Figura de consensos na igreja católica em Moçambique, Alexandre dos Santos,
visto como próximo da Frelimo, por oposição ao sentido crítico sempre expresso
pelo bispo da Beira, Jaime Gonçalves, participou também na mediação das
negociações que culminaram com a assinatura do Acordo Geral de Paz entre o
Governo e a Renamo, em 1992. Alexandre dos Santos era um entusiasta da educação
e formação, tendo dinamizado a criação da Universidade São Tomás de Moçambique
(USTM). Um chope entre os Franciscanos Alexandre José Maria dos Santos nasceu
em Zavala, na Diocese de Inhambane, a 18 de Março de 1924. Concluiu os
primeiros estudos na escola dos missionários Franciscanos.
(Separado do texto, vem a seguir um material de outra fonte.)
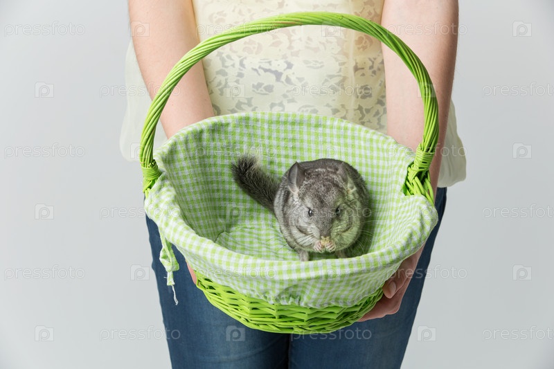 Милая шиншилла в корзине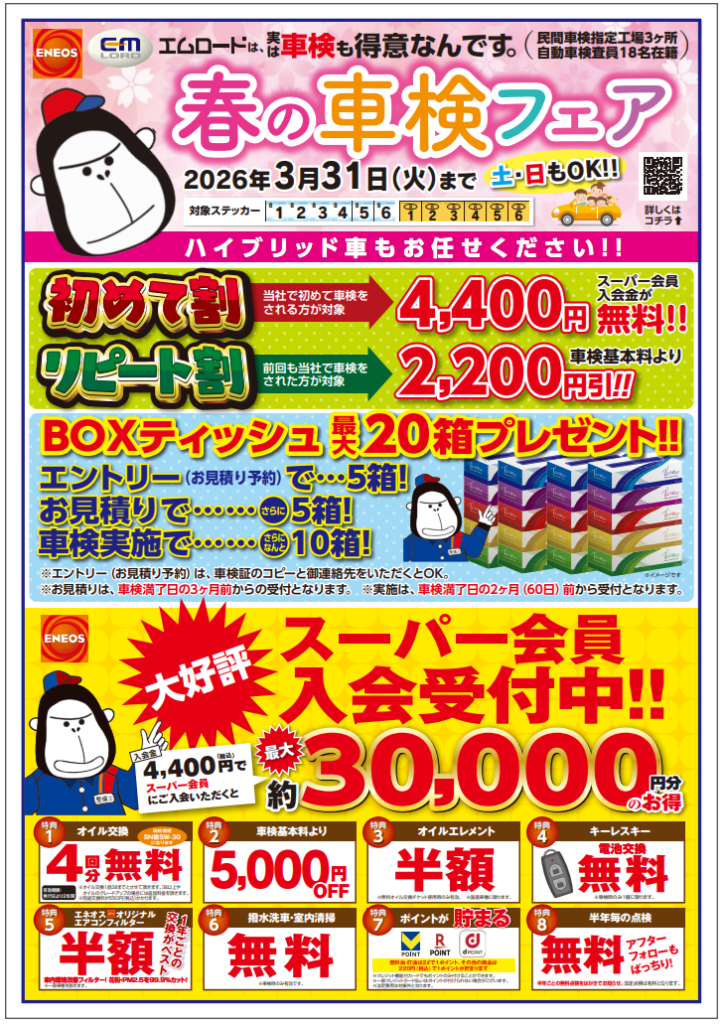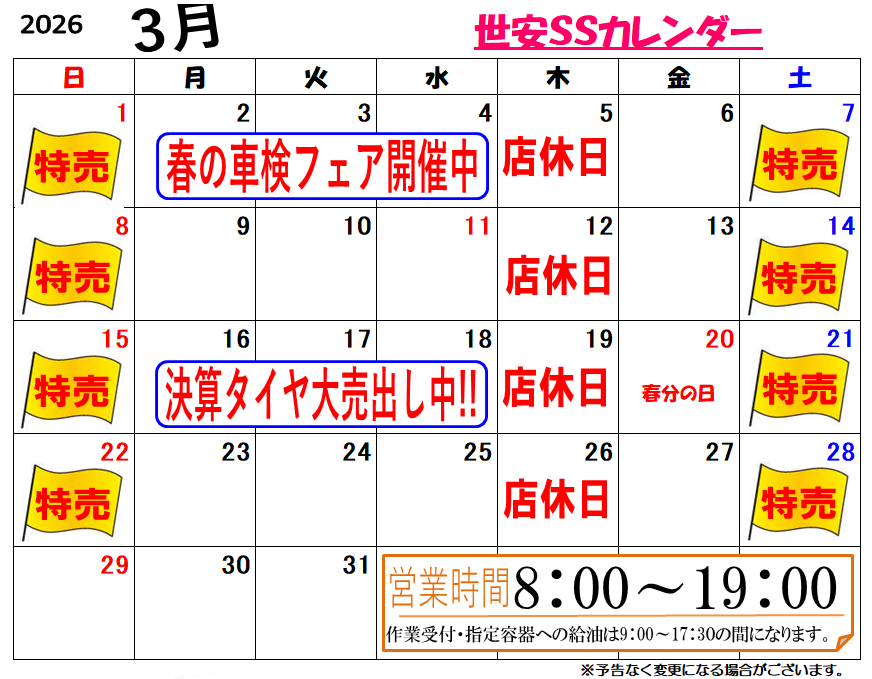 2026.03.04 店休日のお知らせ 世安SS Dr.Drive世安SSお知らせ 皆さんこんにちは1.2.3.世安SSです。 明日3月5日(木)は店休日となります。 ご迷惑をお掛けしますがよろしくお願いいたします(*- -)(*_ _)ペコリ 近隣の新町SSは通常営業となります。 3月のご案内になります 春の車検フェア大好評いただいています。 無料見積りお待ちしてます。 一覧へ戻る 前の記事へ 次の記事へ
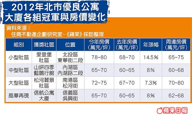 據住商不動產統計,住宅類冠軍社區房價比去年上漲7.3~14.5%;「小型社區」冠軍「愛登堡社區」,房價從去年每坪68~70萬元,漲到78~80萬元,漲幅14.5%最高,「中型社區」、「風華再現」2組冠軍分別為「山妍四季藍鵲行館」、「信航公寓大廈」,一年來房價也都有8%漲幅。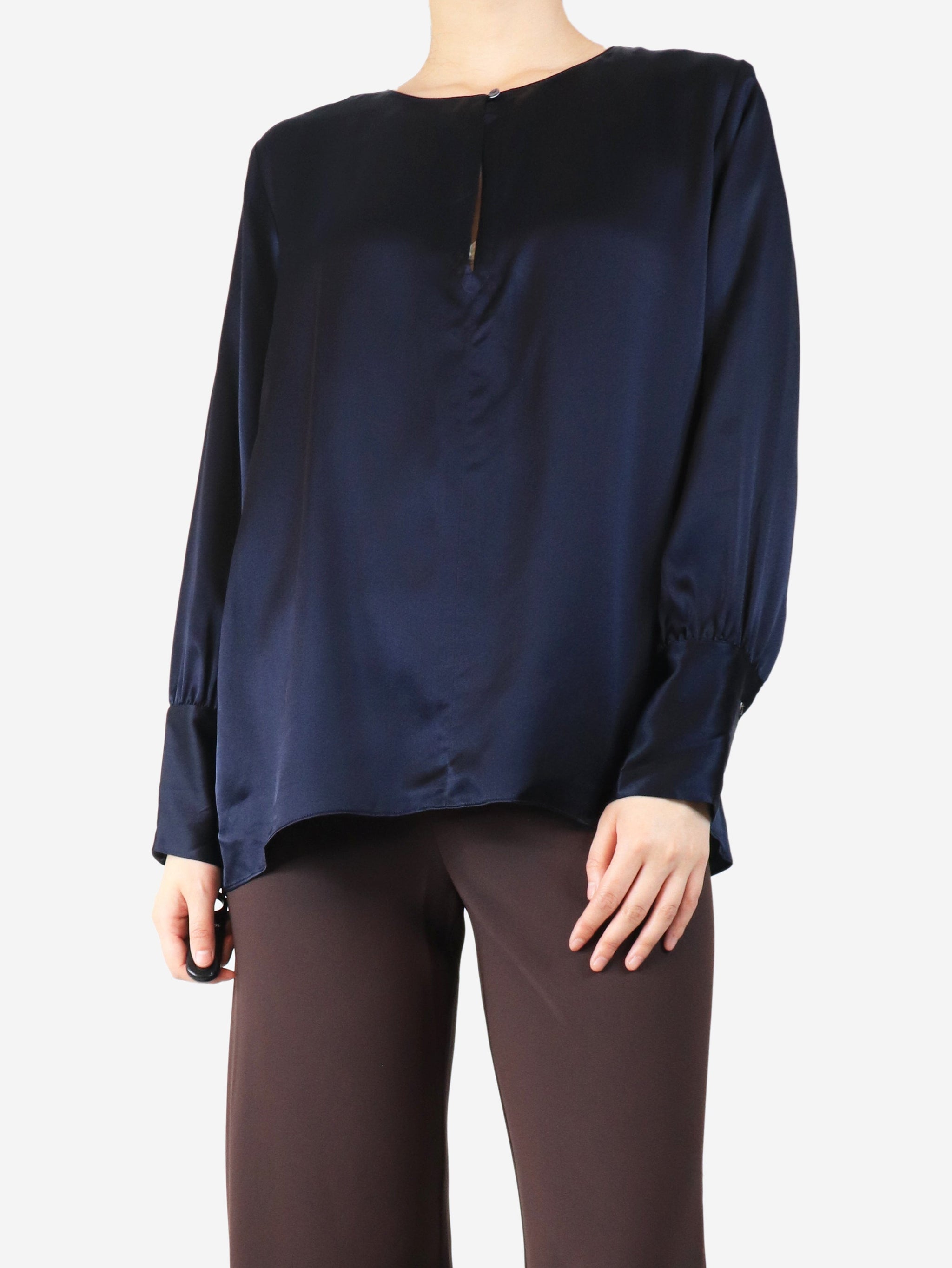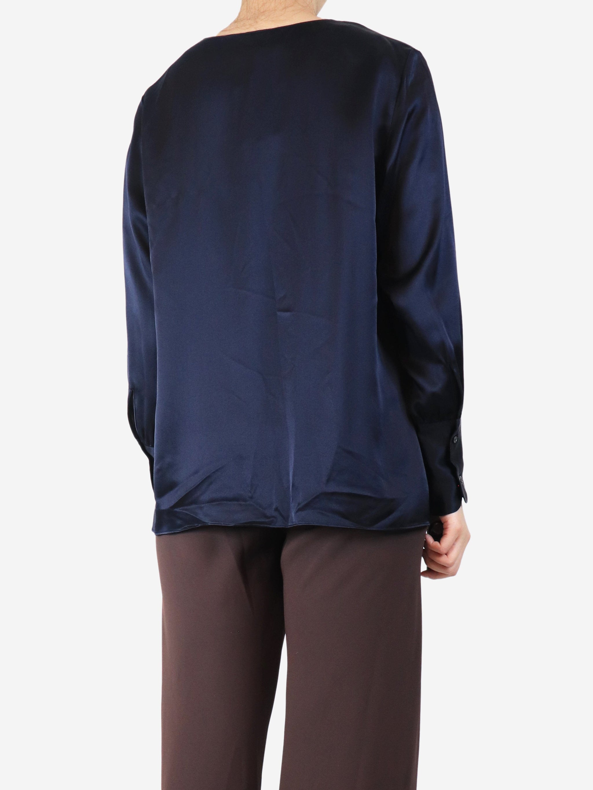 Navy silk satin blouse - size L

Depois de frequentar
o seminário menor franciscano de Amatongas, em Manica, foi enviado para
Nyassaland - actual Malawi - para fazer o curso de filosofia com os Padres
Brancos (Missionários da África), pois naquela época, ainda não existia
seminário maior em Moçambique. Em 1947 entrou no noviciado da Província
Franciscana Portuguesa de Varatojo, perto de Lisboa. Frequentou o curso de
Teologia em Lisboa.

Ali foi ordenado
sacerdote a 25 de Junho de 1953. Regressado à sua terra natal em 1954, foi
trabalhar nas missões franciscanas na região de Inhambane. Em 1972 tornou-se
Conselheiro da Custódia Franciscana de Moçambique e Reitor do novo Seminário
Menor do país em Vila Pery, hoje Chimoio. Foi nomeado, pelo papa Paulo
VI, arcebispo de Maputo em 23 de Dezembro 1974, tendo sido sagrado bispo a 9 de
Março do ano seguinte, antes da independência de Moçambique, ocorrida a 25 de
Junho de 1975. Dom Alexandre fundou a Caritas de Moçambique e foi o seu
primeiro presidente. Em 1981 fundou a Pia União das Mulheres com o nome de
Franciscanas de Nossa Senhora Mãe de África, um instituto religioso que tem por
objectivo difundir o catolicismo e as actividades assistenciais desta confissão
religiosa, mormente junto das comunidades pobres.